» **WORK INSTRUCTION**
From the line with "Пічне опалення: Регулярне" to the line with "Deer and Doe", retype each line exactly as it stands in the records below, but skip the pictures.

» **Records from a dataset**
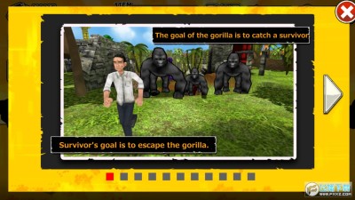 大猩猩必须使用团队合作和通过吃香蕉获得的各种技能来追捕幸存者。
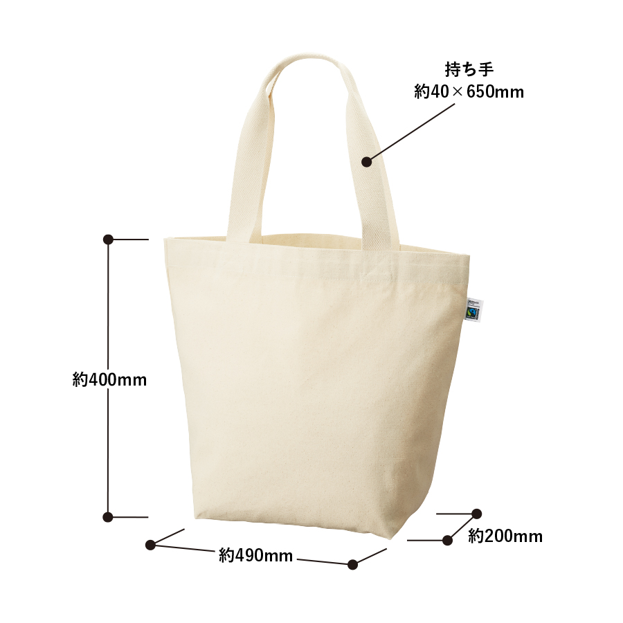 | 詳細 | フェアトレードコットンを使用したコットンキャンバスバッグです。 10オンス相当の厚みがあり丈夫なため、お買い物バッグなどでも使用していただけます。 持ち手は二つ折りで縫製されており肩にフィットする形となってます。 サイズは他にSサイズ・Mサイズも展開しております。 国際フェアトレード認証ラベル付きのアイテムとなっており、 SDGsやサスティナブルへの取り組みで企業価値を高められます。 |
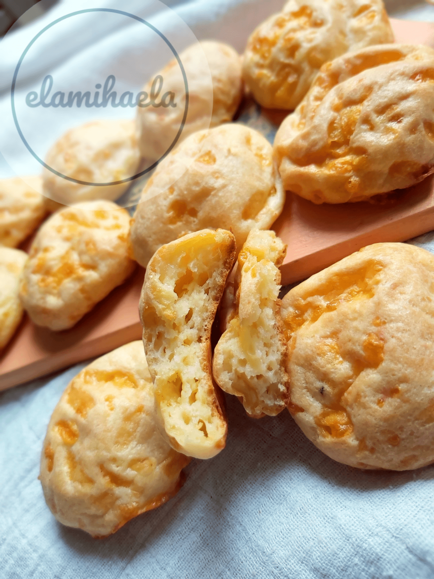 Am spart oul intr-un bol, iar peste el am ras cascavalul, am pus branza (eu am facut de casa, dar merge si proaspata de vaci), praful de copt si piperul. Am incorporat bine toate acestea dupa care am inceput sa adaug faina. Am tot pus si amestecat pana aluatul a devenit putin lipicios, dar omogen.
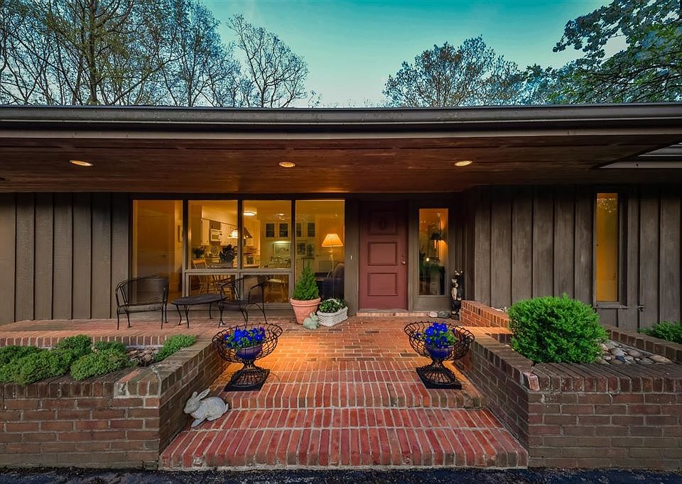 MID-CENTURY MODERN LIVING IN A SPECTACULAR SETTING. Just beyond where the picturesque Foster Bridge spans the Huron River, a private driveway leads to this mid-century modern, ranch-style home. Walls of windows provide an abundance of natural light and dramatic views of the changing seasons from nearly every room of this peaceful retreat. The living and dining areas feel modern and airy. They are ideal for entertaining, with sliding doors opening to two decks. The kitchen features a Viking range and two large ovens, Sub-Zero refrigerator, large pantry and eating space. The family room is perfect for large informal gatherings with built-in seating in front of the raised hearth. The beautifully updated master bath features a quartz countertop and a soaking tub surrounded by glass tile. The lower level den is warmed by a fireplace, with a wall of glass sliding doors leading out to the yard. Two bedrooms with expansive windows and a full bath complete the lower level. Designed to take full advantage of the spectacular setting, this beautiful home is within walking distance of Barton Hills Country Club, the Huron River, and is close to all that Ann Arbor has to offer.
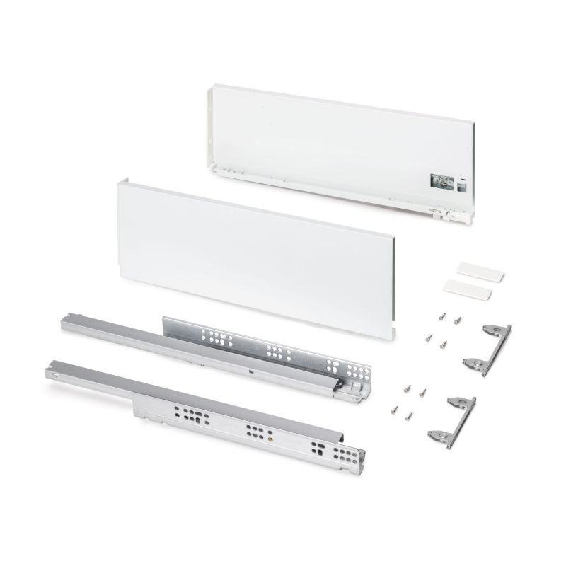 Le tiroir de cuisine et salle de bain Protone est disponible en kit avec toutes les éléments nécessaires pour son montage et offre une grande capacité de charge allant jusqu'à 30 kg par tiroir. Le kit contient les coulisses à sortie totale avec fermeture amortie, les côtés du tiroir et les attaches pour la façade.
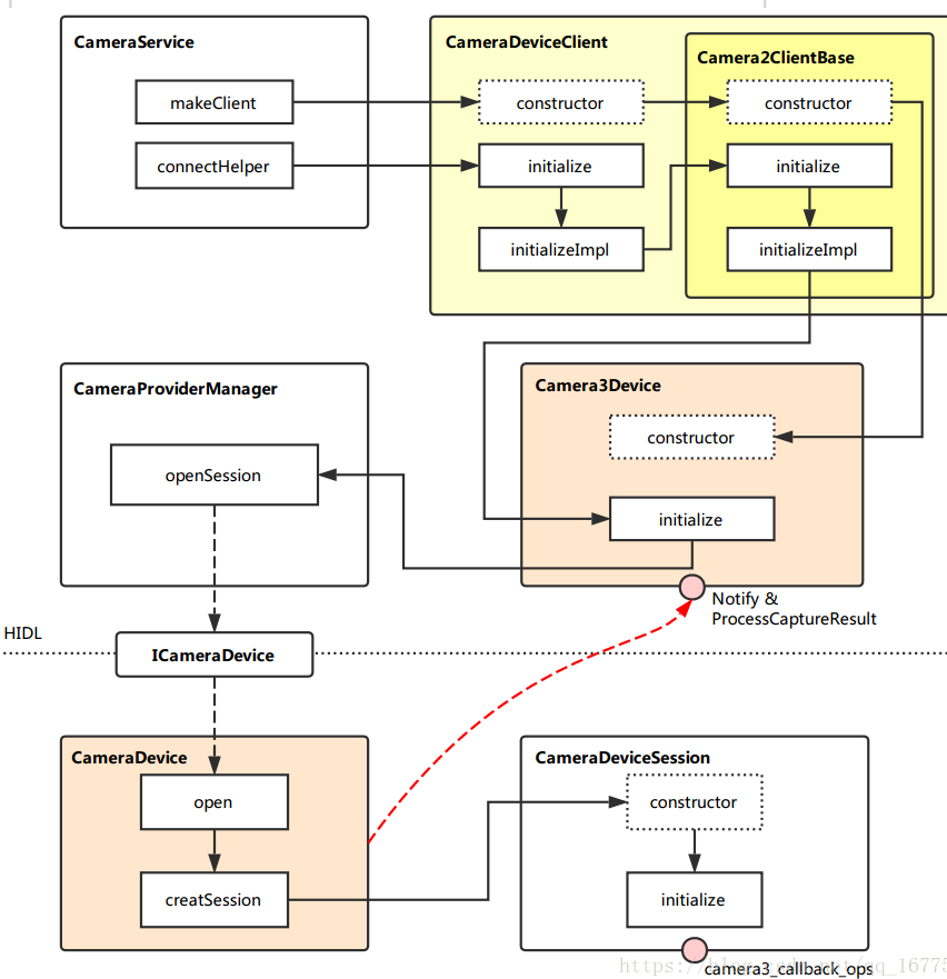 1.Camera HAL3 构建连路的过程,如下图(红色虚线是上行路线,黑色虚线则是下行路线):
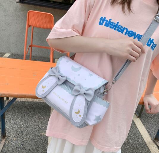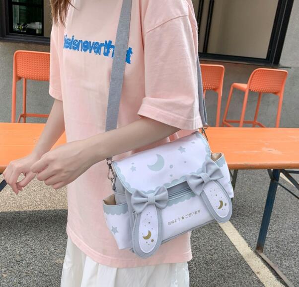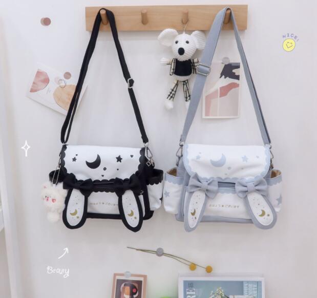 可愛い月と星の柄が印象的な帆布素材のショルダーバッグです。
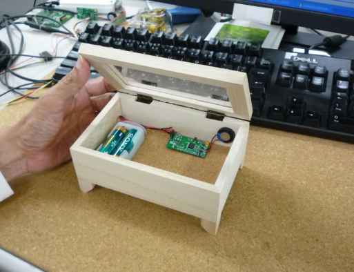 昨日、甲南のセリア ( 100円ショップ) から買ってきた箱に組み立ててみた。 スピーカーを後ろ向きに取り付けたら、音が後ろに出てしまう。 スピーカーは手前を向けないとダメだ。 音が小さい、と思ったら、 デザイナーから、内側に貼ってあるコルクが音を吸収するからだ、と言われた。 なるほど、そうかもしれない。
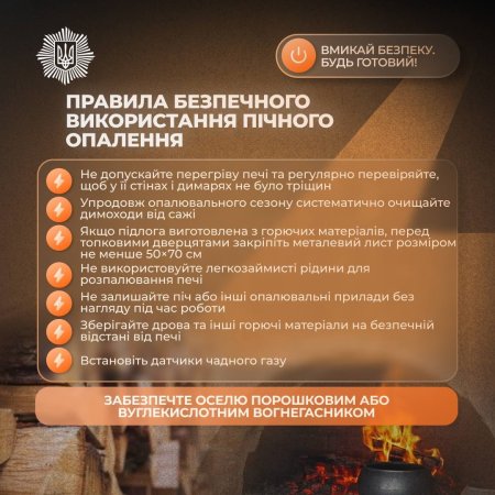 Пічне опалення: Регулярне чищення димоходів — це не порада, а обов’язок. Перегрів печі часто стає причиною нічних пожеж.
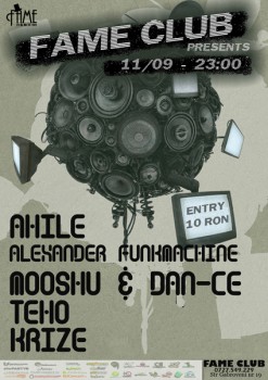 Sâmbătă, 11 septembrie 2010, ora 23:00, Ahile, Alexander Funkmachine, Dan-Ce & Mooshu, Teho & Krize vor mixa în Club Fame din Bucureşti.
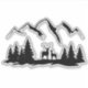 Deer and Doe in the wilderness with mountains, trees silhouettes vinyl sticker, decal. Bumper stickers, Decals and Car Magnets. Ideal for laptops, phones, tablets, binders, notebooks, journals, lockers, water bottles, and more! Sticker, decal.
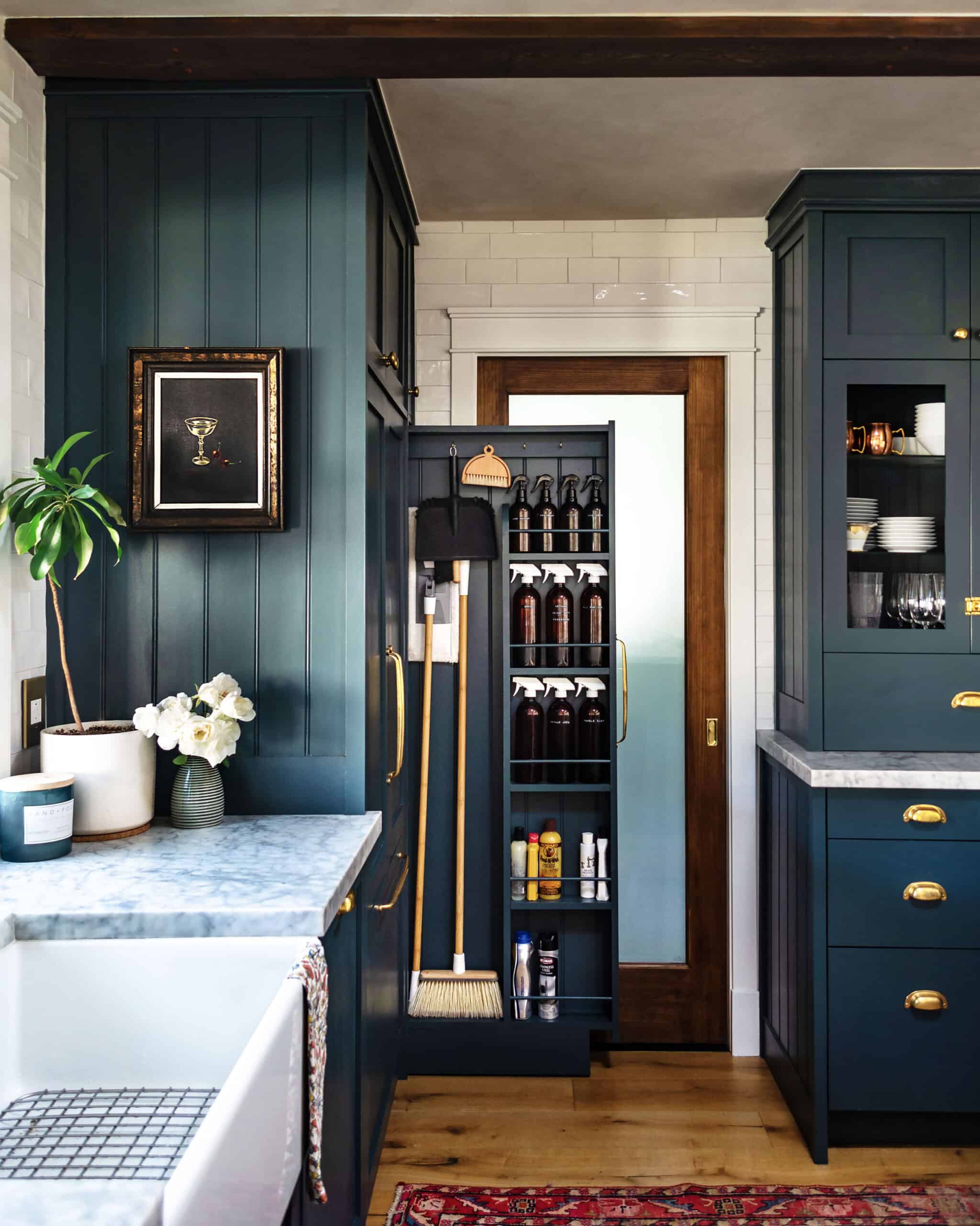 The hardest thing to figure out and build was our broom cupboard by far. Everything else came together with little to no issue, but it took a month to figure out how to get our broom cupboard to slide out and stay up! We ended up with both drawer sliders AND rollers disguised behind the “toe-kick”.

» **REPLY**
 Пічне опалення: Регулярне чищення димоходів — це не порада, а обов’язок. Перегрів печі часто стає причиною нічних пожеж.
 Sâmbătă, 11 septembrie 2010, ora 23:00, Ahile, Alexander Funkmachine, Dan-Ce & Mooshu, Teho & Krize vor mixa în Club Fame din Bucureşti.
 Deer and Doe in the wilderness with mountains, trees silhouettes vinyl sticker, decal. Bumper stickers, Decals and Car Magnets. Ideal for laptops, phones, tablets, binders, notebooks, journals, lockers, water bottles, and more! Sticker, decal.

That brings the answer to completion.